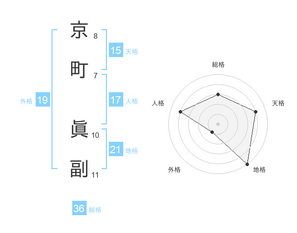 京町 眞副さんの地格は21画の5点!
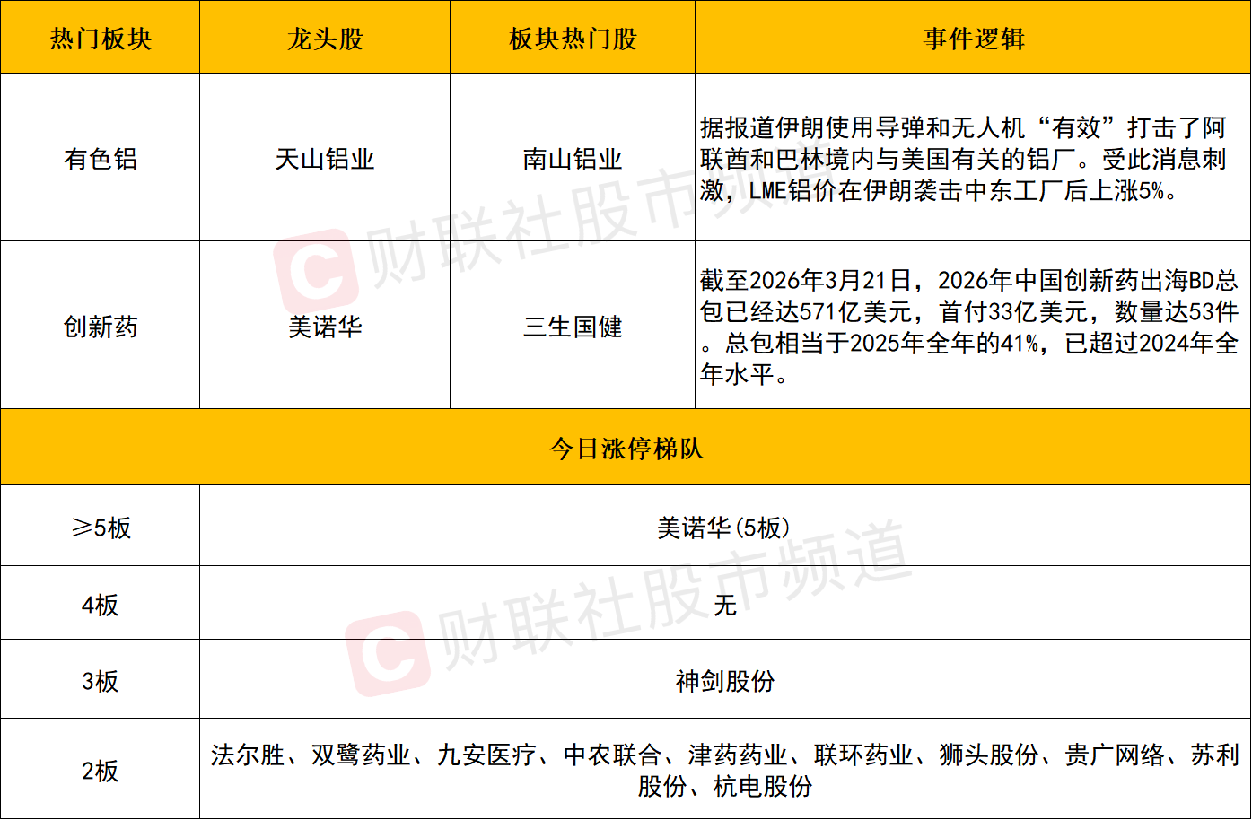消息面上,据报道伊朗使用导弹和无人机“有效”打击了阿联酋和巴林境内与美国有关的铝厂。受此消息刺激,LME铝价在伊朗袭击中东工厂后上涨5%。此外天山铝业公告,预计2026年一季度归母净利润22亿元,同比增长107.92%。若有色铝能够于后市走出持续正反馈,其余有色金属细分同样有望获得资金的回流修复。
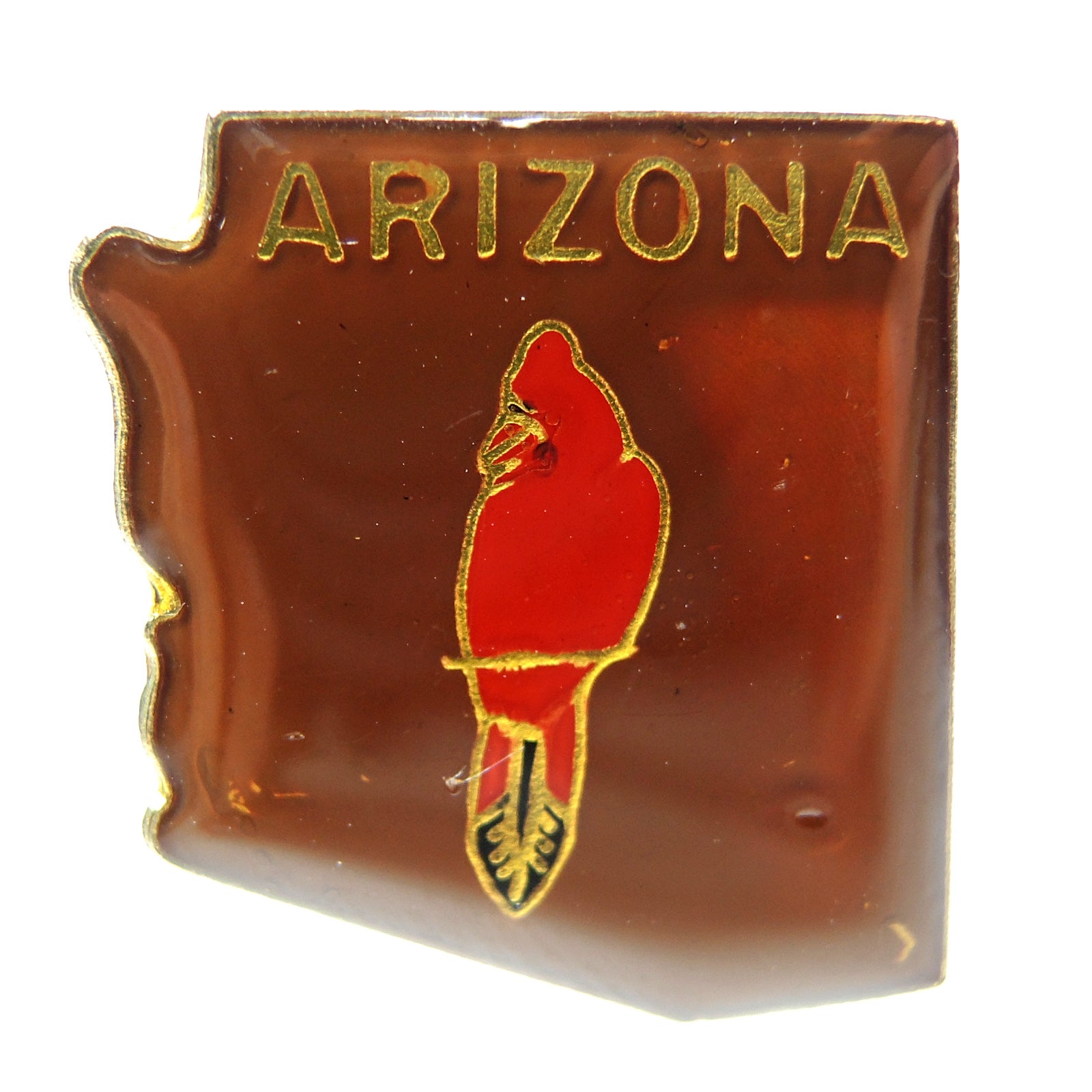 This lapel pin features an outline of the state of Arizona with a cardinal bird in the center. The pin is made of metal and has a clutch back for secure fastening.

■ **What needs to be done**
Only an exact copy is needed: the lines from the opening of the listing through the line with "消息面上,据报道伊朗使用导弹", both included, minus the pictures.

■ **Answer**
 京町 眞副さんの地格は21画の5点!
消息面上,据报道伊朗使用导弹和无人机“有效”打击了阿联酋和巴林境内与美国有关的铝厂。受此消息刺激,LME铝价在伊朗袭击中东工厂后上涨5%。此外天山铝业公告,预计2026年一季度归母净利润22亿元,同比增长107.92%。若有色铝能够于后市走出持续正反馈,其余有色金属细分同样有望获得资金的回流修复。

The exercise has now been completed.